Clearly, the optimal allocation $(T_1^*, \ldots, T_K^*)$ depends on the variance of the
distributions $(P_i)_{i=1}^K$ which are unknown to the agent, and the task

is to design an adaptive sampling strategy which appropriately addresses this
explore-exploit dilemma
and ends up with an allocation $(T_1, \ldots, T_K)$ which is close to the optimal.

#### Lower bound construction

Consider two Bernoulli distributions $U \sim \text{Ber(u)}$ and $V \sim \text{Ber}(v)$ with $1/2 < v < u <1$ and let $\mathcal{M} = (U, V)$ and $\mathcal{N} = (V, U)$ be two two-armed bandit problems. Suppose an allocation scheme $\mathcal{A}$ is applied on one of these two problems and results in an allocation $(T_1, T_2)$. Then we have the following result, which informally says that for $u, v$ close enough, no algorithm can perform well on both the problems.

Proposition 2.We have the following: $$ \inf_{\mathcal{A}}\; \max_{\mathcal{M}, \mathcal{N}}\; \max_{i =1, 2}\; \mathbb{E}\left[ |T_i - T_i^*| \right] = \Omega (\sqrt{n}). $$

*Proof of Proposition 2.* Together with the MAB instance (i.e., either $\mathcal{M}$ or $\mathcal{N}$),
the allocation scheme $\mathcal{A}$ induces a probability distribution on the space of action-observation
sequences $(a_1, X_1, a_2, X_2, \ldots, a_n, X_n)$ where each action $a_t \in \{1,2\}$ and the observations
$X_t$ lie in $\{0, 1\}$ since the distributions $U$ and $V$ are Bernoulli. We will denote the two resulting
probability distributions by $P_1$ and $P_2$, corresponding to MABs $\mathcal{M}$ and $\mathcal{N}$ respectively.

We also introduce the notations $T_U^* = \frac{\sigma_U^2 n}{\sigma_U^2 + \sigma_V^2}$ and $T_V^* = \frac{\sigma_V^2 n}{\sigma_U^2 + \sigma_V^2}$. Then under the MAB $\mathcal{M}$ the optimal allocations are $(T_1^*, T_2^*) =(T_U^*, T_V^*)$, while they are flipped for the MAB $\mathcal{N}$. Since we have assumed that $u>v$, we must have $\sigma_U^2 < \sigma_V^2$ which implies that $T_U^* < n/2 < T_V^*$.

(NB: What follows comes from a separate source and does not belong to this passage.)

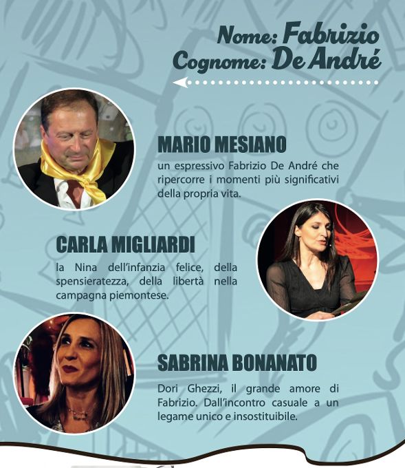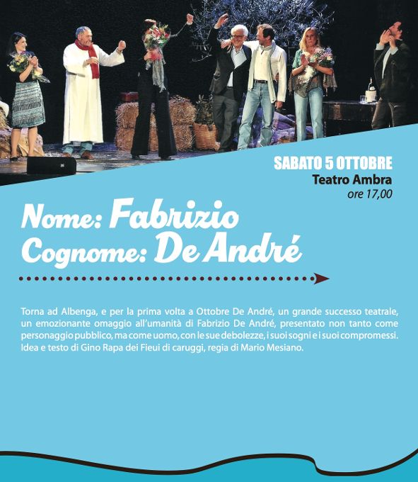 Sabato 5 ottobre, alle ore 17, sul palco del Teatro Ambra per Ottobre De André, la manifestazione ideata e organizzata dai Fieui di caruggi in collaborazione con il Comune di Albenga, andrà in scena "Nome: Fabrizio Cognome: De André". Scritta da Gino Rapa, la rappresentazione è un omaggio all'umanità del cantautore genovese, presentato non solo come personaggio pubblico (Cognome: De André), ma soprattutto come uomo, con le sue debolezze, i suoi sogni e i suoi compromessi (Nome: Fabrizio).

To apply Lemma~1 to this problem, we introduce the following notations keeping the algorithm $\mathcal{A}$ fixed.

We choose $\mathcal{P}$ to be the set $\{P_1, P_2\}$ where $P_i$ for $i\in \{1,2\}$ were defined earlier. Since there are only two elements in $\mathcal{P}$, we trivially have $\mathcal{P}_i = \{P_i\}$ for $i \in \{1,2\}$.

We define $\theta:\mathcal{P} \mapsto \mathbb{R}$ as as the mapping from $P \in \mathcal{P}$ to the corresponding $T_1^* $. That is, $\theta(P_1) = T_U^* $ and $\theta(P_2) = T_V^* $. The metric $d$ is chosen as $d(t_1, t_2) = |t_1 - t_2|$.

The estimate $\hat{\theta}$ is the allocation value $T_1$ resulting from the scheme $\mathcal{A}$. Note that since $T_1 + T_2 = n$, we have $|T_1^* - T_1| = |T_2^* - T_2|$. Therefore, we always have $\mathbb{E} [ |T_1-T_1^*| ] = \max_{i = 1,2} \mathbb{E} [|T_i - T_i^*|]$.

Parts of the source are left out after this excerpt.